§ **Exercise goal**
Return, with both end lines included, exactly what the data below holds from the line with "Четыре распашные стеклянные дверцы." through the line with "Naklejka premium Blue", though not the pictures.

§ **Material supplied**
****************************************

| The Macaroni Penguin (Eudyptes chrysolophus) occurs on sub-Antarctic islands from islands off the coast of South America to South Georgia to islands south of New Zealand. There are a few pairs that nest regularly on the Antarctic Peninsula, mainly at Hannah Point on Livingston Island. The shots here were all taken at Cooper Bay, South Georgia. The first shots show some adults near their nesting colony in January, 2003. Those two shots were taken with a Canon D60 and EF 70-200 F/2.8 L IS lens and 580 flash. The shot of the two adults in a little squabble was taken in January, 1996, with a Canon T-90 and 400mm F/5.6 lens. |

****************************************

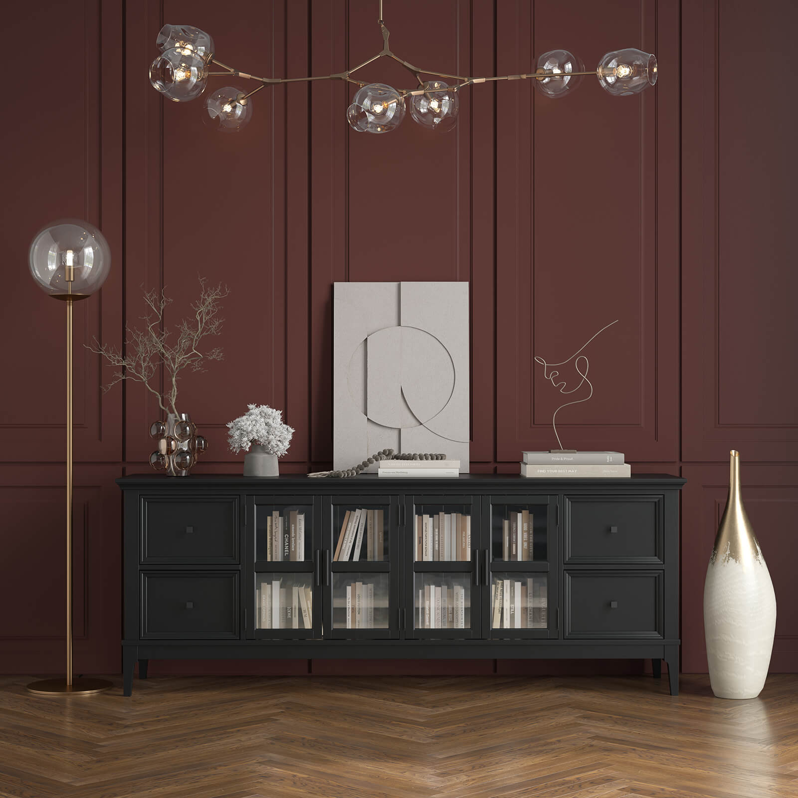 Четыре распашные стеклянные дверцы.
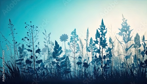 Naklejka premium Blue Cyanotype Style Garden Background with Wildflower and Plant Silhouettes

****************************************

§ **Answer for this exercise**
 Четыре распашные стеклянные дверцы.
 Naklejka premium Blue Cyanotype Style Garden Background with Wildflower and Plant Silhouettes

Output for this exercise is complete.